Хума не перемолвилась словом с кем-либо в киббуце. Она только раздавала указания. Речь ее была бедна, указания отличались лаконичной краткостью. Товарищи киббуца Ягур их не понимали, но выполняли. Семья Табенкина жила в киббуце Эйн Харод. В киббуце Ягур у него была любовница и глупые адепты. Только Хума знала, что стоит за экономической деятельностью: прибыли или убытки. За 30 лет до этого только чиновники барона Ротшильда знали, что происходит в поселениях Галилеи. Даже сам барон не знал. Табенкин не знал, что происходит в его киббуцах. Табенкин - это отец Зосима из "Бесов" Достоевского. Табенкин был святым, был Богом-Киббуцианского-Движения.
Хума жила долго. После ее смерти открылись тайны Ягура. Люди начали понимать, что у них не хватало смелости понимать. Смелость понимать находится на самой высокой ступени человеческой смелости. Мои родители были в оппозиции к полякам, к Хуме и Табенкину.
Ягур и сегодня невероятно консервативен. В годы моей юности, до мобилизации, большинство членов киббуца были простые люди, они без колебаний принимали законы господ из семей основателей. “Масса” должна была работать на полях и поднятием руки на общем собрании в конце недели, утверждать решения господ. Пятьсот человек прошло через Ягур. Многие из них уехали заграницу. Они работают таксистами и грузчиками в Нью-Йорке. Не для этого был создан киббуц. Можно было удержать детей. Я спросил секретаря хозяйства: “Что они предпочли бы, возвращение детей или присоединение новых товарищей?" Ответ был: "Новых товарищей". Господа не хотят детей; дети слишком хитры, сомневаются, требуют ответов на трудные вопросы и могут устроить переворот, как устроил его в Гистадруте Хаим Рамон. Господа выталкивают детей вон, оставляют послушных, принимают безропотных или новых олим для работы и для поднятия руки раз в неделю: "Кто за, кто против?" Они рекламируют лозунг: "Присоединись к киббуцу, и тебе будет хорошо".

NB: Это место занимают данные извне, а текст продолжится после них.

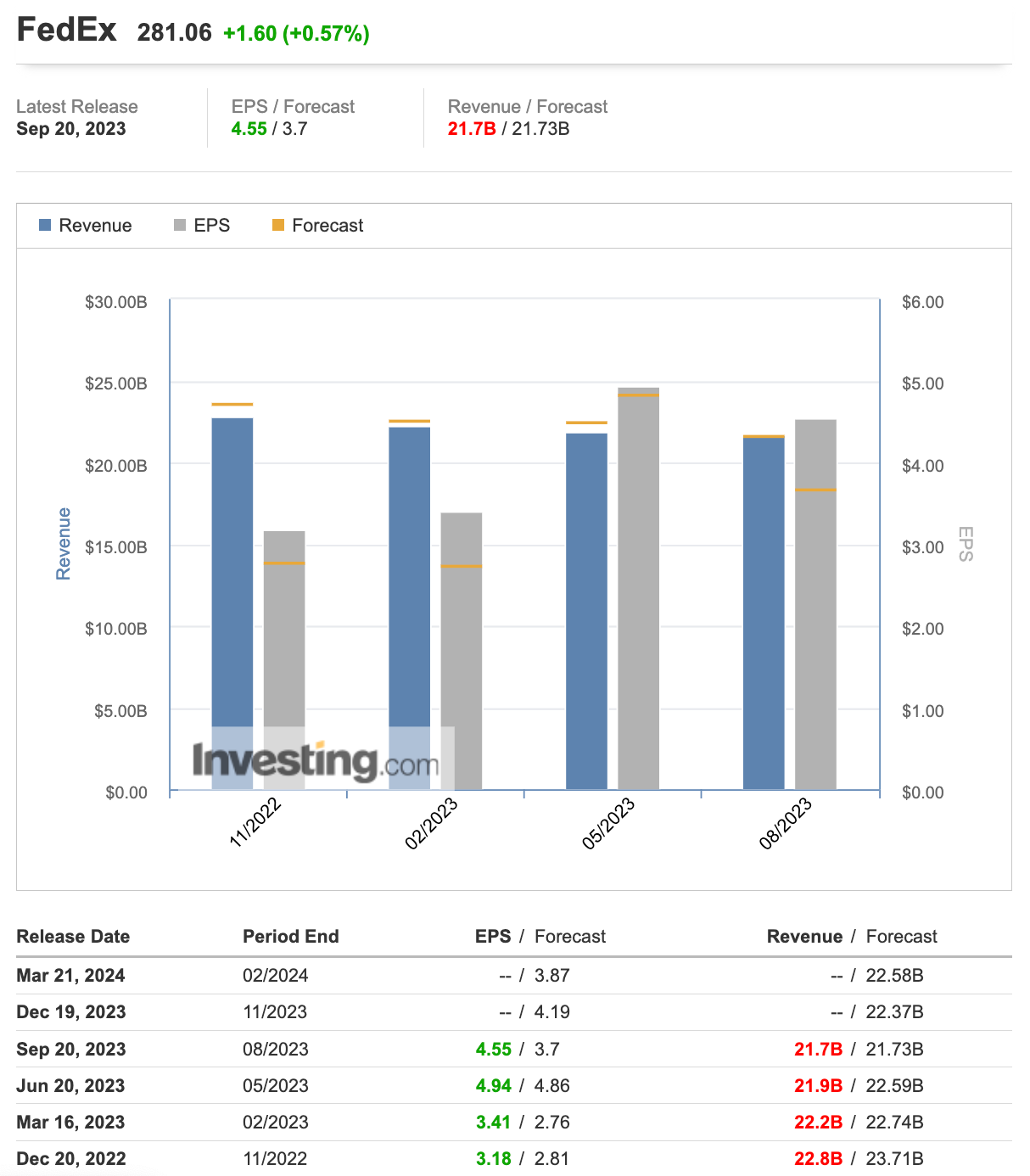 For the coming earnings, the forecast for the EPS and Revenue are 4.19 and $22.37B respectively. Can FedEx continue its stellar performance following the earnings?

Детство и юность я провел в Ягуре и не знал там человека, которому было бы хорошо. Я не могу вспомнить счастливого киббуцника. В Израиле эти слова считаются ересью. Поэтому разваливается Израиль.
Основатели посчитали, что мои родители будут работать, что они будут принимать решения руководства, что они не попросят для себя должностей - и поэтому их приняли в киббуц. Основатели не искали лидеров и руководителей. Руководителей, директоров и ответственных лиц выбирали Хума и Табенкин, остальные должны были вставать по утрам и работать. И не важно приносит работа прибыль или убытки. Большинство рабочих в киббуце ненавидят свою работу и секретарей. Поэтому киббуцное хозяйство не эффективно. Поэтому большинство киббуцев сегодня - банкроты и требуют милостыню у правительства.
2. Извозчики и кузнецы
Вшколе мы мало чему научились. Будущие извозчики и кузнецы не должны слишком много знать, даже если они пробьются в секретари хозяйства, члены управления Банка Рабочих, министры правительства. Я смотрю на министра сельского хозяйства по имени Яаков Цур. Я вижу члена киббуца в прошлом, извозчика рабинской телеги в настоящем; кузнеца, обученного подковать кобылу, запряженную в эту телегу. Яаков Цур не обязан думать, потому что Табенкин уже думал за него. Когда Исраэль Галили был представителем Табенкина на грешной земле - Яаков Цур стоял за Неделимую Землю Израиля. Когда Ицхак Рабин перенял эстафету из рук Табенкина и принял таблетку допинга по имени Йоси Сарид, Яаков Цур стал поддерживать отступление с территорий. Всегда найдется кто-нибудь, кто укажет извозчикам и кузнецам, как надо думать. Исполнители воли Табенкина верили, что если мы будем образованы - мы неизбежно оставим религию партии. Если будем извозчиками и кузнецами - мы распространим эту религию по всей стране.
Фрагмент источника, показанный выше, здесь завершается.